Tras combatir la inflación durante décadas, los bancos centrales tratan ahora de revivirla por todos los medios a su alcance, ya sea “quantitative easing”, tipos negativos o depreciación de moneda. Esto plantea una intrigante pregunta apta para amantes de teorías conspiratorias: ¿saben los banqueros centrales algo que el resto desconoce?
El giro de política siguió a la crisis financiera, cuando la Fed se aventuró con el «quantitative easing» a fin de evitar que una política monetaria restrictiva exacerbara la caída de la demanda agregada, como ocurrió durante la Gran Depresión. Sin embargo, la tendencia deflacionista no había comenzado entonces. El propio Ben Bernanke había ya hablado de la «Gran Moderación», donde los avances en la «tecnología» de los bancos centrales habrían relegando la volatilidad macroeconómica – incluyendo inflación – a los libros de historia.
La complacencia tecnócrata de Bernanke obviaba sin embargo la existencia de una marea deflacionista por factores político-económicos ajenos a la «magia» de los bancos centrales. En primer lugar la globalización que, combinada con los avances tecnológicos y la mejora en las técnicas de gestión empresarial, permitieron una drástica reducción de los costes de producción y distribución. Por mencionar algunos, el uso de la subcontratación, la deslocalización, la robótica, la gestión de inventarios y el marketing on-line, estarían detrás de la fuerte disminución de precios en bienes y servicios. Por añadidura, el poder de negociación de los trabajadores resultó muy mermado, poniendo fin a la tradicional ligazón entre beneficios empresariales, presión salarial e inflación. El segundo factor fue la formación de bloques de divisas en torno al Dólar y el recién creado Euro, lo que significó llevar a la disciplina monetaria a países tradicionalmente propensos a la inflación.
La tendencia deflacionista sería más aguda si, como los economistas llevan tiempo sospechando, las tasas de inflación son más bajas que aquellas reflejadas en las estadísticas. Las razones serían la contabilidad tardía de nuevos productos que presentan un rápido descenso en precio (véase el gráfico), así como la infravaloración de mejoras en la calidad. Por otra parte, la revolución de Internet ha traído consigo toda una serie de nuevos servicios que se ofrecen ya sea de forma gratuita (Google, Facebook, YouTube) o por debajo de coste económico (Airbnb, Uber), y que apenas están reflejados en las estadísticas de precios.

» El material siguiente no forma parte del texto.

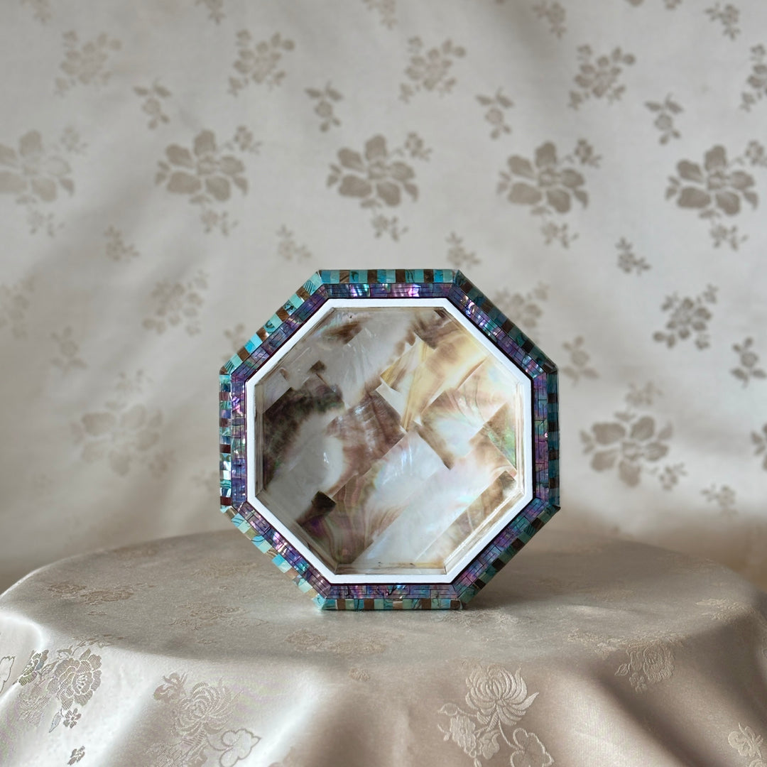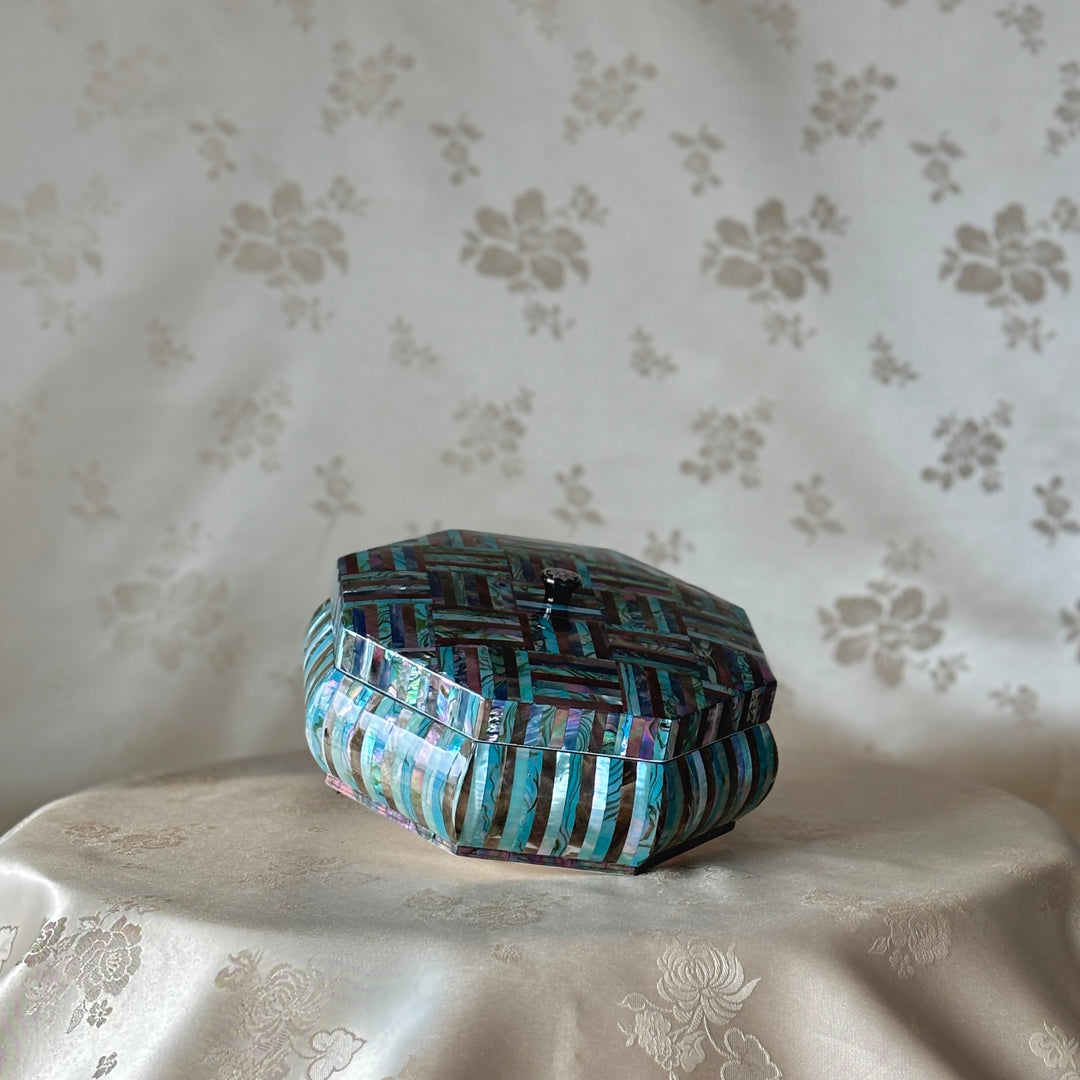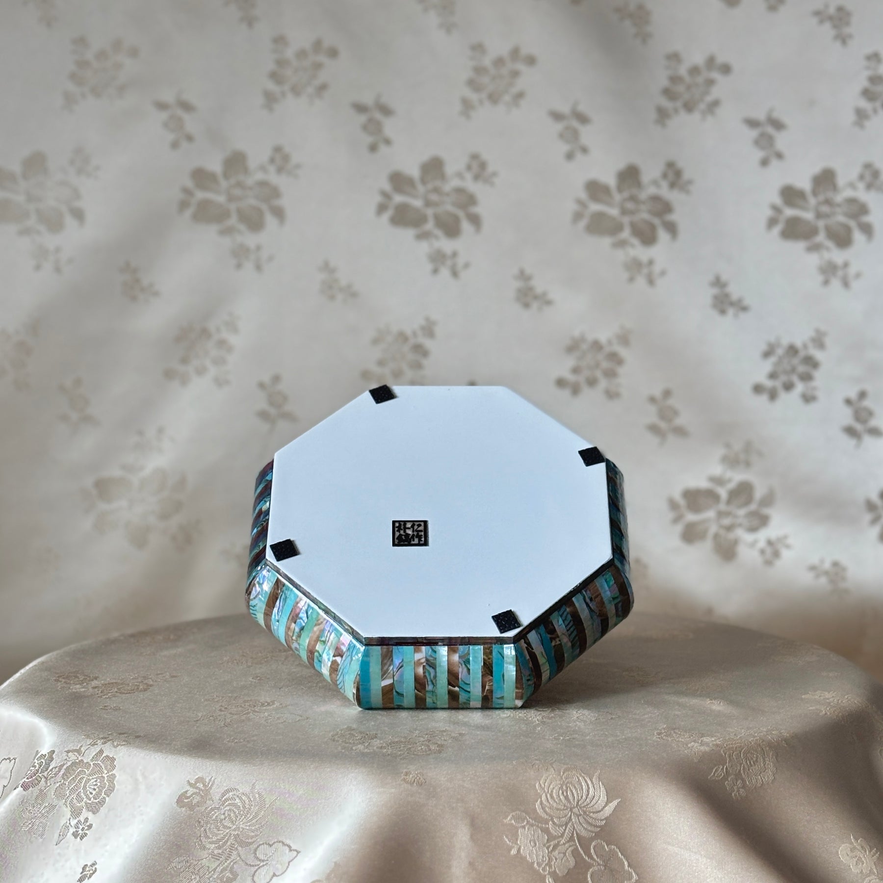 This limited edition octagonal jewelry box is an extraordinary showcase of Korean craftsmanship, blending intricate design with unparalleled elegance. The surface is adorned with a mosaic of radiant turquoise mother of pearl, interwoven with shimmering abalone edges, creating a luminous, frost-like finish. This luxurious piece serves not only as a jewelry box but also as a sophisticated container for keepsakes or fine treats, embodying refined beauty and functionality.
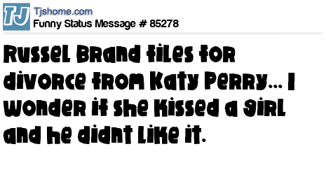 X Russel Brand files for divorce from Katy Perry... I wonder if she kissed a girl and he didnt like it.
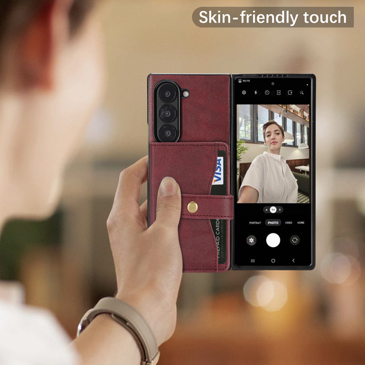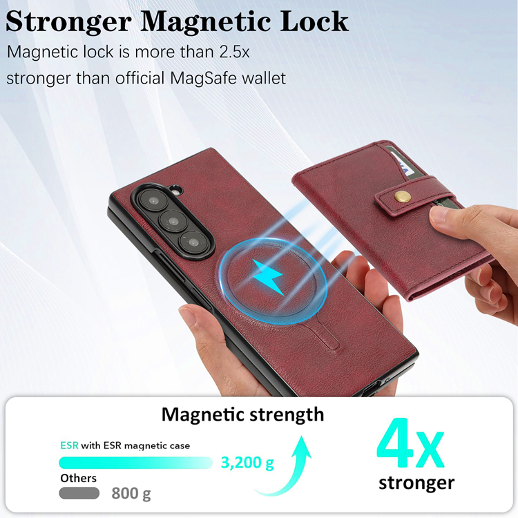 Galaxy Z Fold 7 Mobilskal MagSafe med Detachable Korthållare Kickstand PU-Läder Coated TPU - Röd
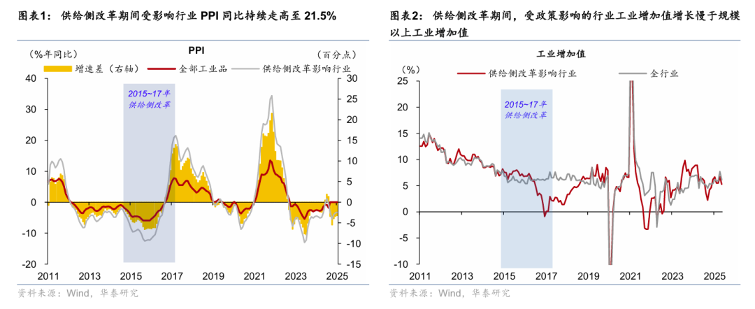 反内卷对PPI的推升可能较供给侧改革更温和,主要由于需求侧政策和宏观环境不尽相同。当前需求侧政策以托底为主,而地产周期仍在磨底、外贸易壁垒上升。反内卷涉及中下游行业偏多,对PPI拉动或将不及供给侧改革。与供给侧改革时期类似,反内卷可能压低相关行业的总产出。
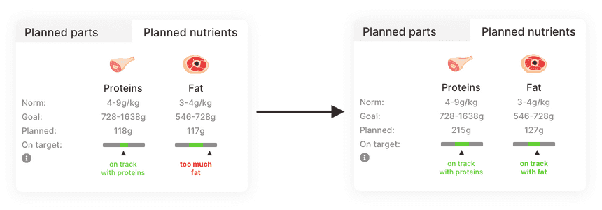 With goals for plan you’ll see how adding particular meat affects the plan realization. Everything calculates in the fly!
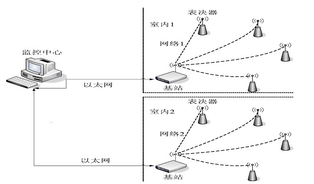 整個(gè)無(wú)線投票表決器系統(tǒng),由監(jiān)控中心,基站,表決器組成,如圖1 所示;炯茸鳛檫h(yuǎn)程監(jiān)控中心與無(wú)線投票表決器設(shè)備通信的樞紐,并且還作為無(wú)線投票表決器網(wǎng)絡(luò)中的協(xié)調(diào)器,維護(hù)和管理整個(gè)無(wú)線網(wǎng)絡(luò);臼占魍镀北頉Q器的投票情況,接受遠(yuǎn)程監(jiān)控中心的指令和定時(shí)訪問(wèn)。
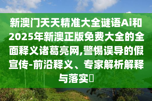 關于新澳門天天精準大全謎語Ai和2025年新澳正版免費大全的全面釋義、諸葛亮網前沿釋義、專家解析解釋與落實,以及警惕虛假宣傳的內容,以下是對這些關鍵詞的詳細解釋和提醒。
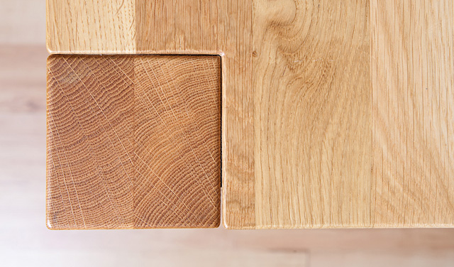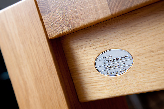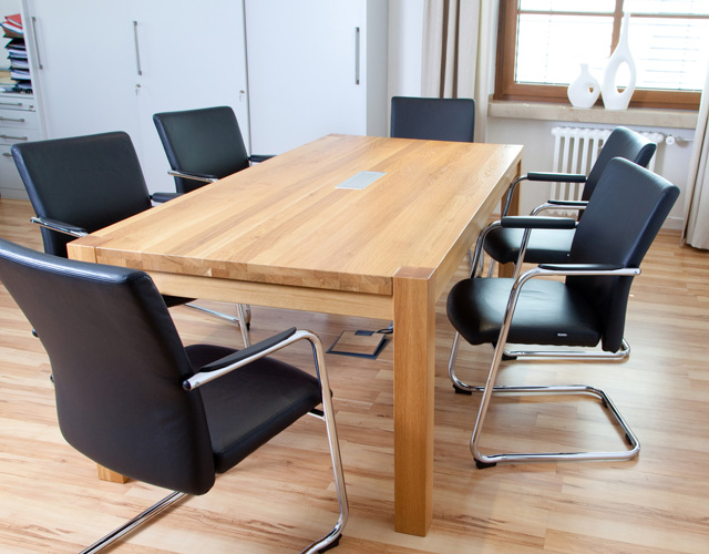 Besprechungstisch in Eiche massiv mit drehbarer Einbausteckdose „Turn“. Auf Knopfdruck offenbart dabei die „Turn“ ihre inneren Werte: Steckdosen, Netzwerkverbindungen, USB-Anschlußmöglichkeiten stehen bequem und schnell zur Verfügung.
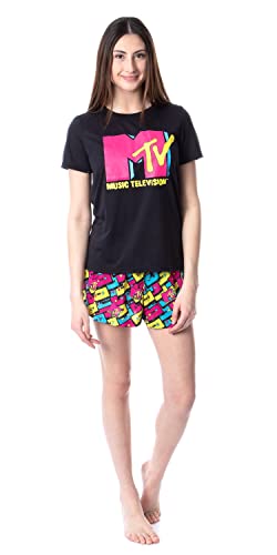 • CLASSIC CHARACTER DESIGN - This pajama set-top features the MTV logo in neon yellow, pink, and blue with the phrase "Music Television" below it. The bottoms feature cassette tapes in those same colors and an all-over print of the same MTV logo.

El debate no es nuevo y tuvo su apogeo a finales de los 90, cuando los defensores de la «nueva economía» comandados por Alan Greenspan, ya aducían que las ganancias de productividad – particularmente en el sector servicios – estaban siendo subestimadas por una incorrecta medición de la inflación. De hecho, la llamada «Comisión Boskin”, concluyó que el IPC sobreestimaba la inflación en más de un 1%. Por entonces, con el IPC por encima 3%, esto no era motivo de preocupación. Sin embargo, en los niveles actuales, significaría que estamos experimentando deflación.
De ser esto cierto, la economía gozaría de buena salud en términos de productividad y crecimiento económico real. Siendo el peligro que, cuando una tendencia deflacionista se pone en marcha, tarde o temprano beneficios empresariales y rentas comienzan a declinar, causando que se desinflen los precios de los activos y aumente el valor de los pasivos. Esto pone en jaque el fundamento mismo del sistema financiero y explicaría el misterio detrás del comportamiento poco ortodoxo de los bancos centrales.